== WHAT TO WORK ON ==
For every line in the material, output its text exactly and exclude any image it holds.

━━ RECORDS SUPPLIED ━━

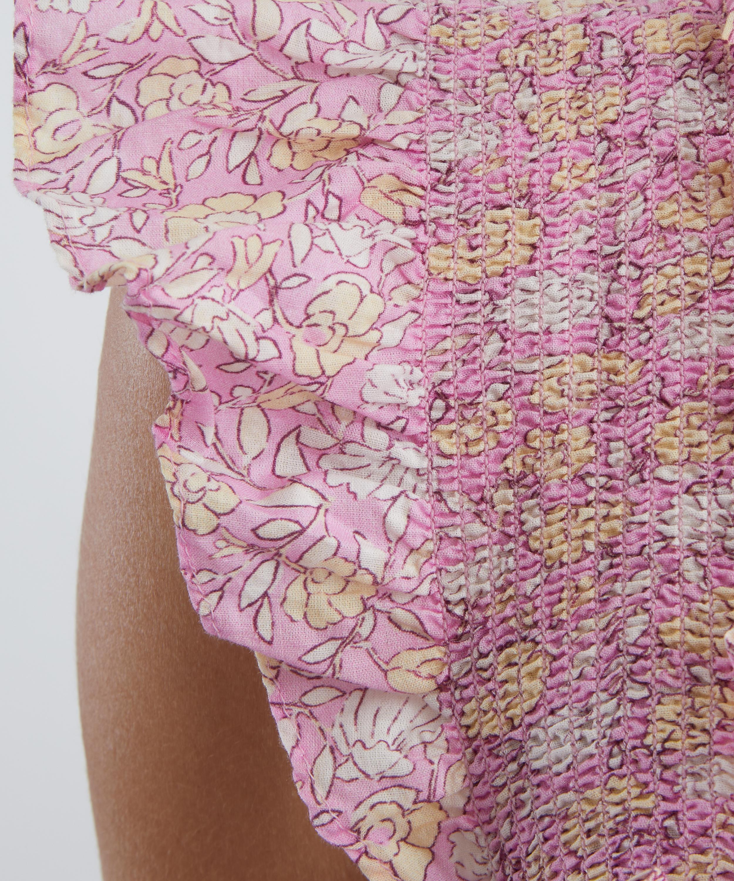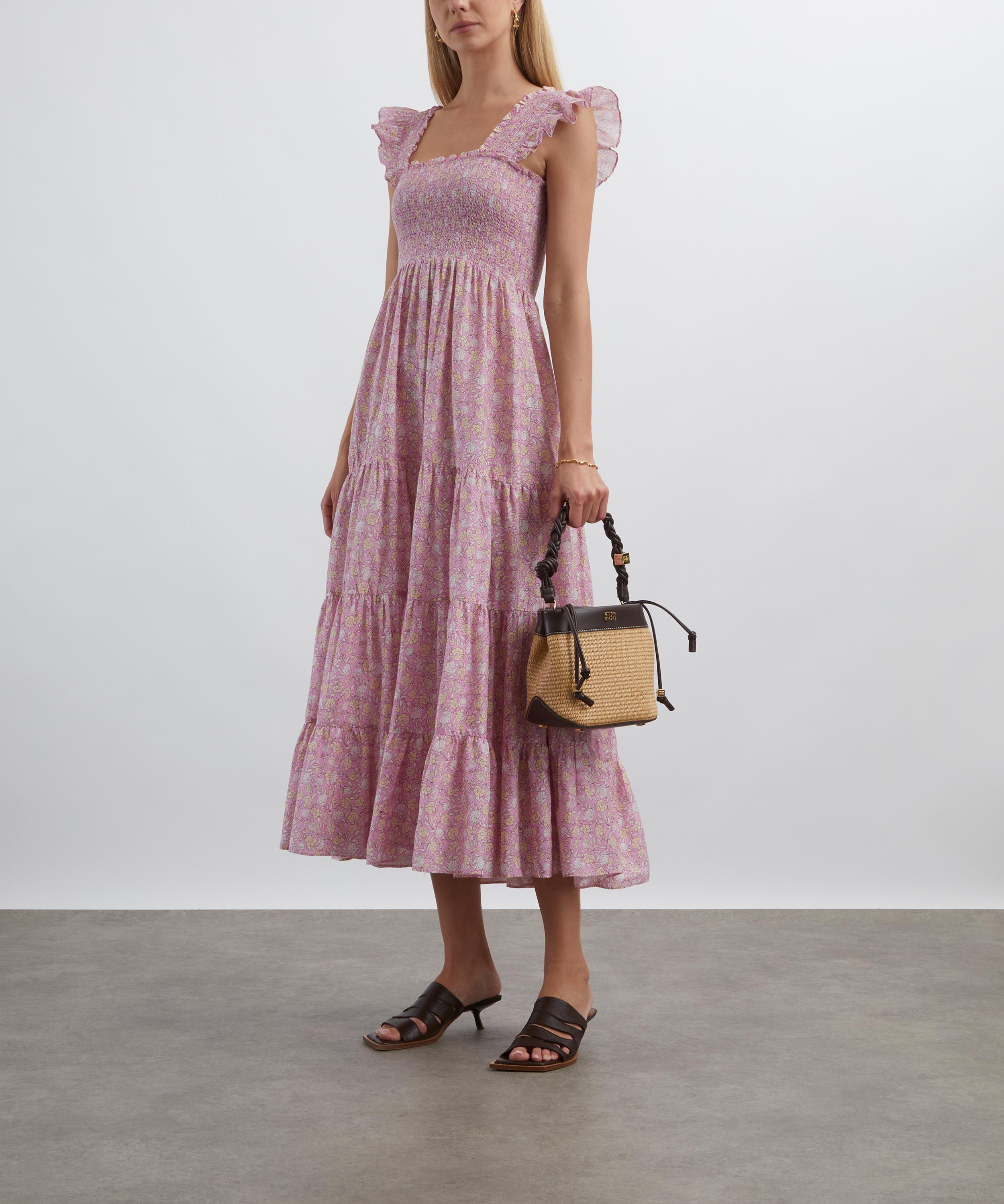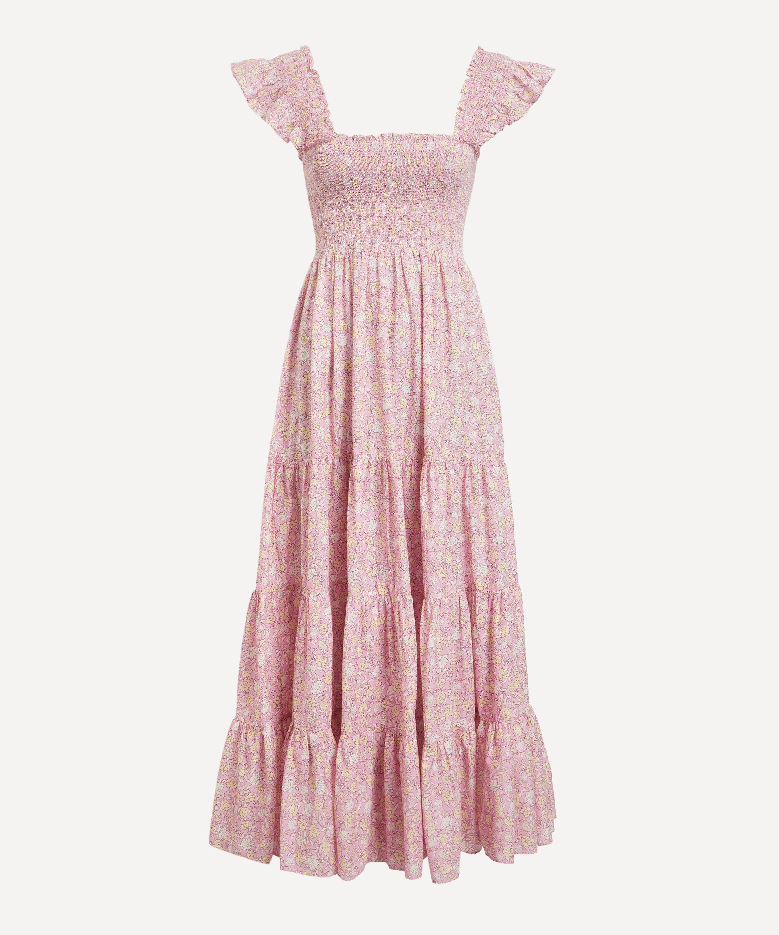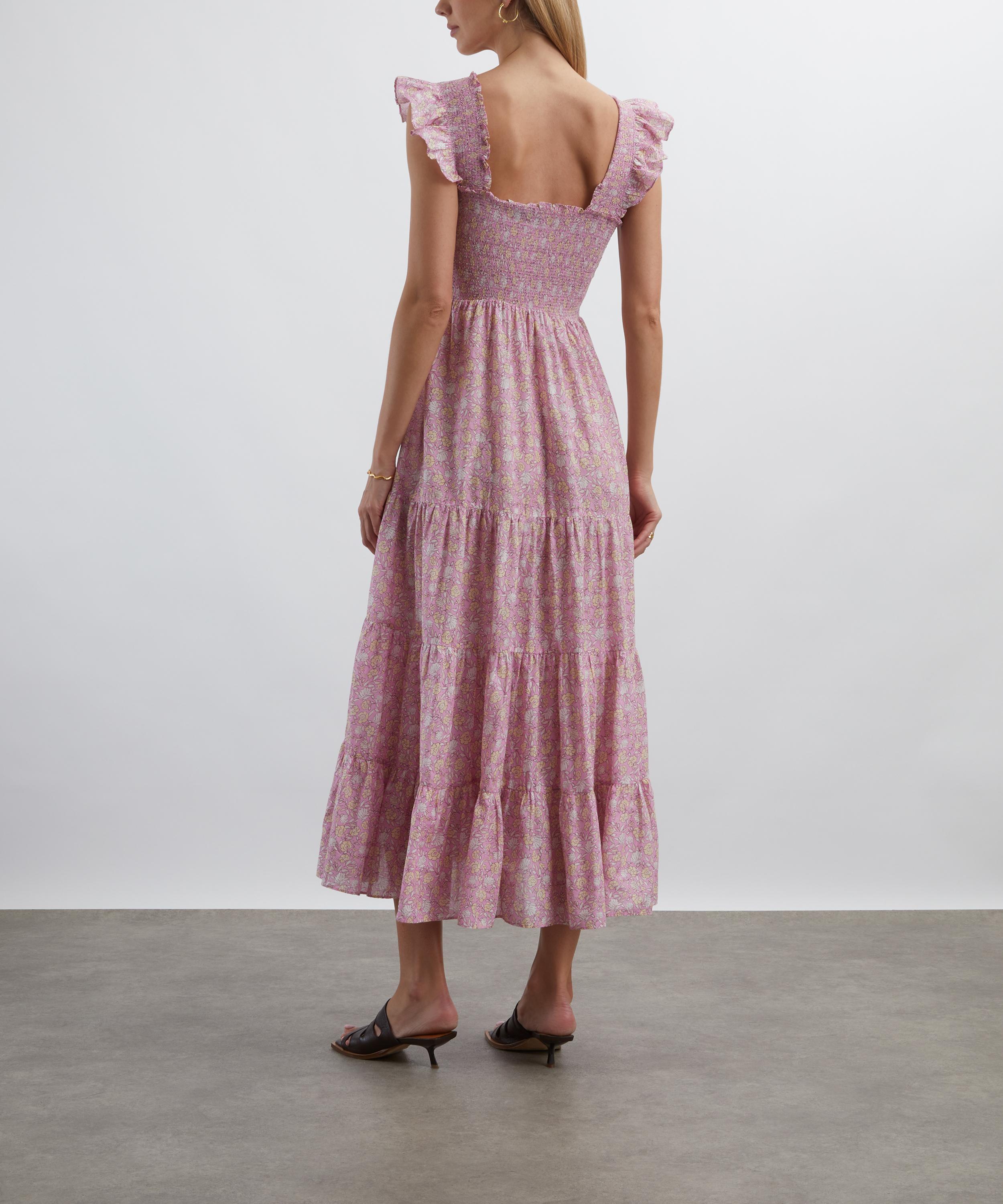 Crafted from lightweight cotton voile and adorned with a pink floral print, this midi dress embodies effortless elegance. Delicately detailed with ruffles, it features a square neckline, a smocked bodice, and a tiered full skirt that falls to a floaty ankle-grazing length.
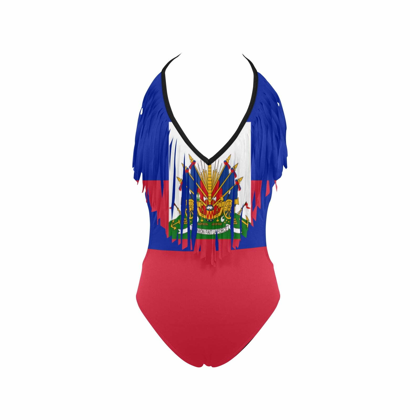 Elevate your beachside glamour with our Haitian Flag Women’s Fringe One Piece Swimsuit, a stunning masterpiece of Caribbean style and comfort. This isn’t just swimwear; it’s your ticket to Caribbean allure.
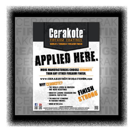 Perfect to display inside your shop to let customers know that you offer Cerakote, the industry standard in firearm finishes.
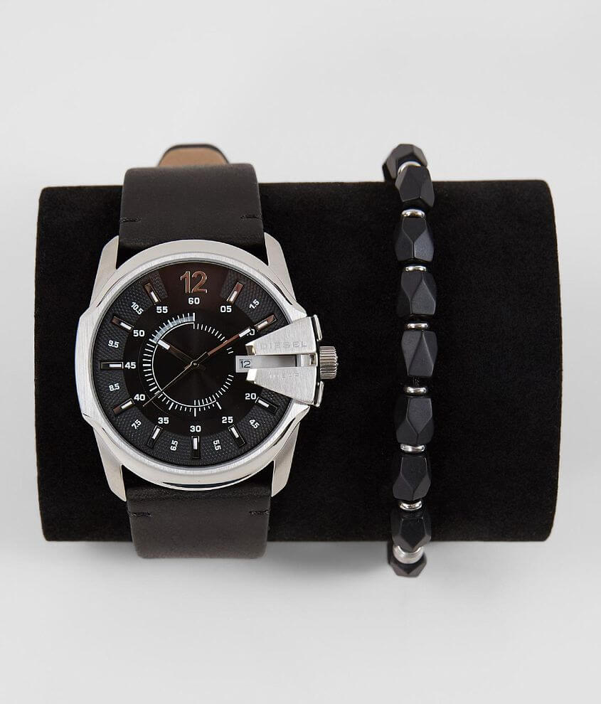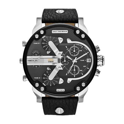 Buy diesel mens stainless steel quartz watch with leather strap black 26 model. A multi layered top ring and pushers and a distressed black leather strap set the stainless steel diesel heavyweight chronograph watch apart from the pack. These bands are characterized by the use of robust luxurious but mainly natural materials.
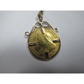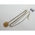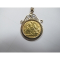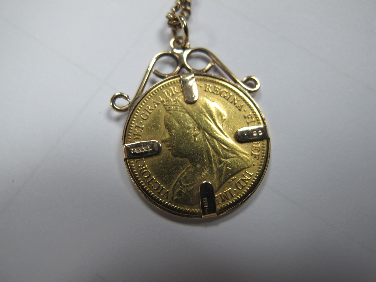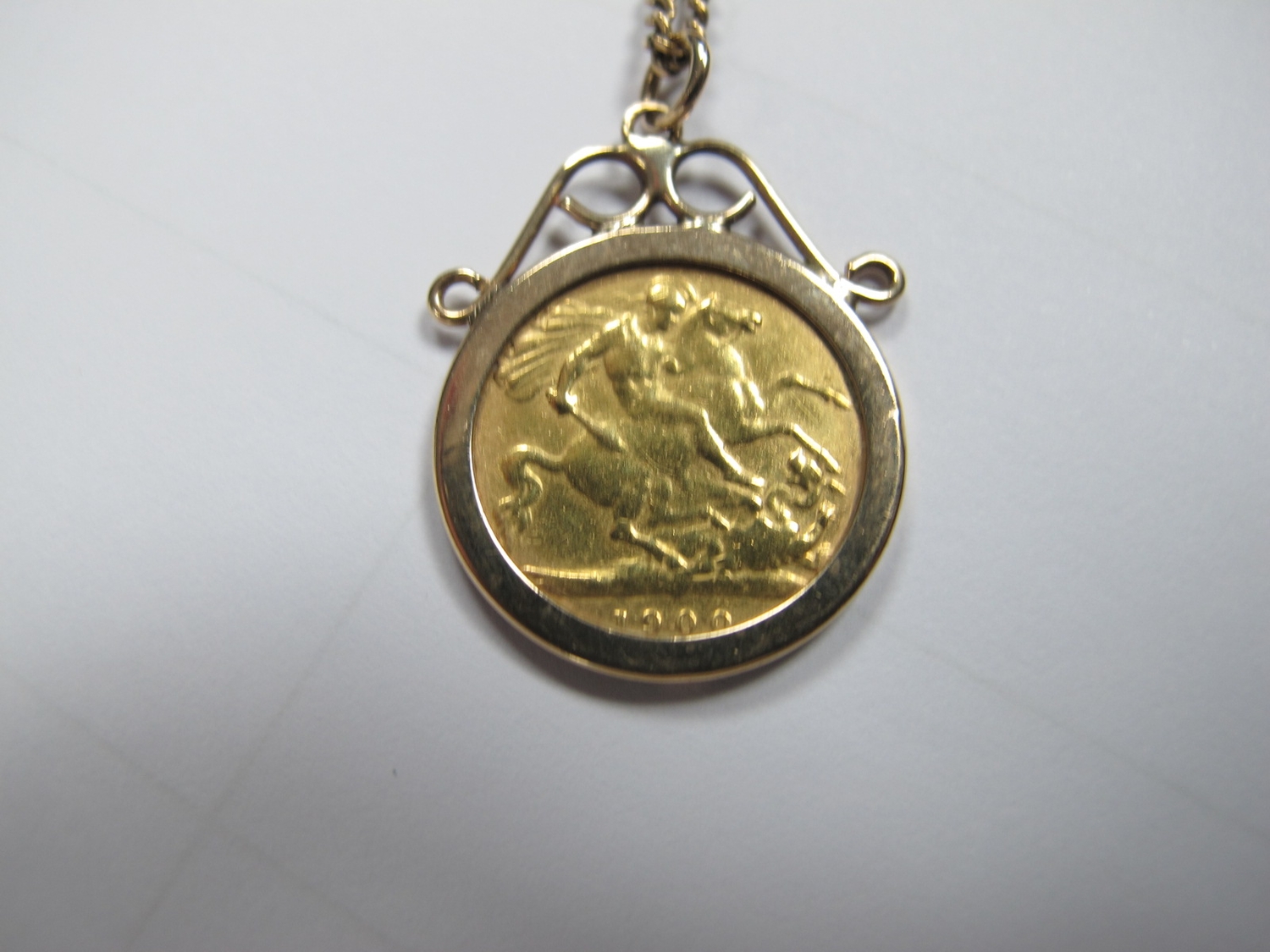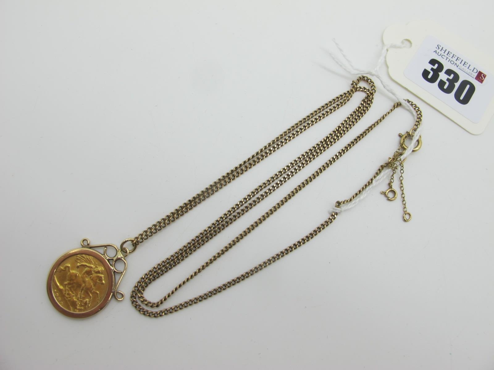 A 9ct Gold Fine Flat Link Curb Chain, 62cm long, suspending a Victoria half Sovereign 1900, loose(?) set within 9ct gold pendant mount.
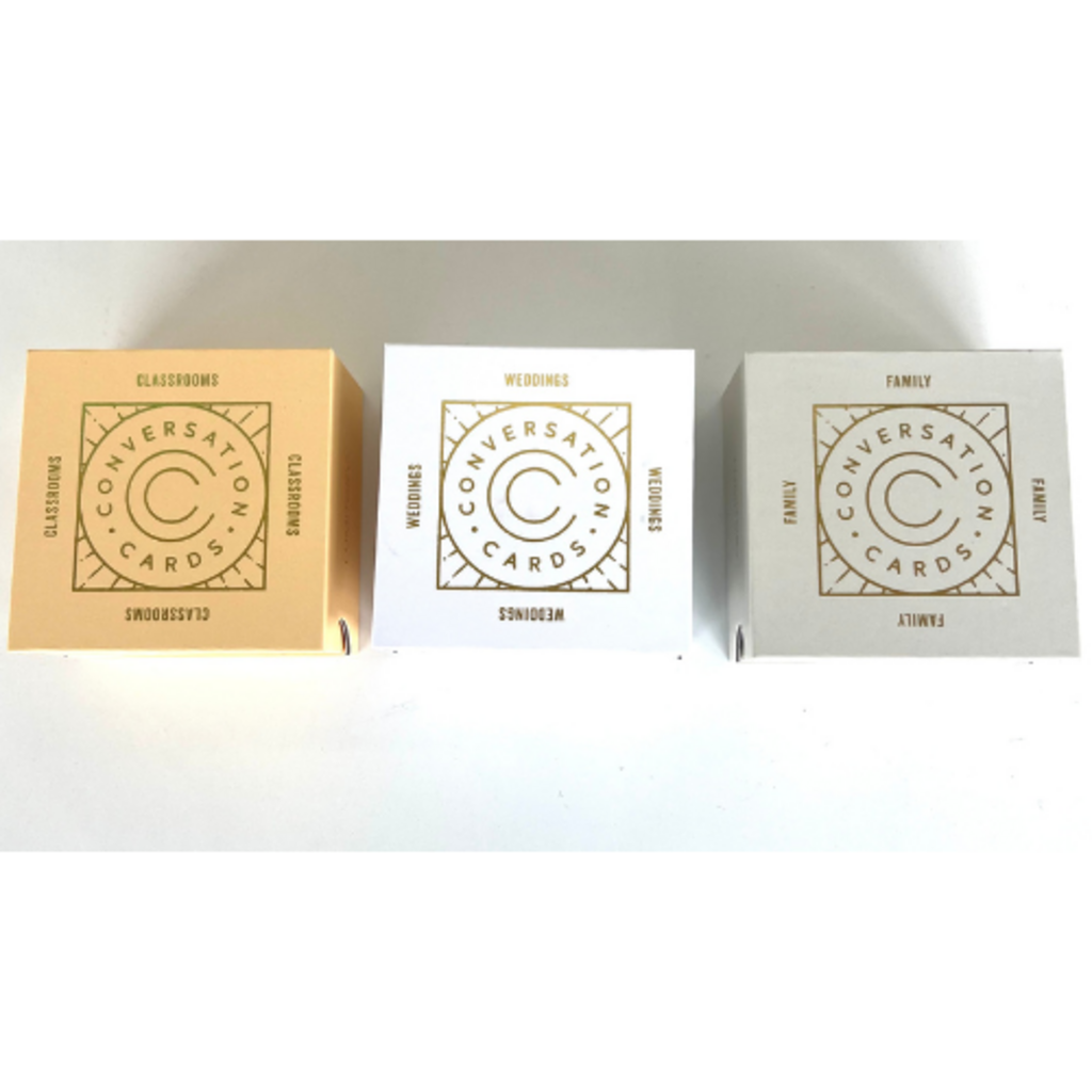 Spark connection anytime, anywhere with the Conversation Card Trio, featuring Family, Wedding, and Classroom editions. Thoughtfully designed for every setting, each set includes engaging prompts that foster storytelling, laughter, and meaningful dialogue. Whether you're gathered at the dinner table, seated at a wedding reception, or starting your school day, these cards make it easy to turn everyday moments into something memorable.

━━━

== EXPECTED ANSWER ==
 Crafted from lightweight cotton voile and adorned with a pink floral print, this midi dress embodies effortless elegance. Delicately detailed with ruffles, it features a square neckline, a smocked bodice, and a tiered full skirt that falls to a floaty ankle-grazing length.
 Elevate your beachside glamour with our Haitian Flag Women’s Fringe One Piece Swimsuit, a stunning masterpiece of Caribbean style and comfort. This isn’t just swimwear; it’s your ticket to Caribbean allure.
 Perfect to display inside your shop to let customers know that you offer Cerakote, the industry standard in firearm finishes.
 Buy diesel mens stainless steel quartz watch with leather strap black 26 model. A multi layered top ring and pushers and a distressed black leather strap set the stainless steel diesel heavyweight chronograph watch apart from the pack. These bands are characterized by the use of robust luxurious but mainly natural materials.
 A 9ct Gold Fine Flat Link Curb Chain, 62cm long, suspending a Victoria half Sovereign 1900, loose(?) set within 9ct gold pendant mount.
 Spark connection anytime, anywhere with the Conversation Card Trio, featuring Family, Wedding, and Classroom editions. Thoughtfully designed for every setting, each set includes engaging prompts that foster storytelling, laughter, and meaningful dialogue. Whether you're gathered at the dinner table, seated at a wedding reception, or starting your school day, these cards make it easy to turn everyday moments into something memorable.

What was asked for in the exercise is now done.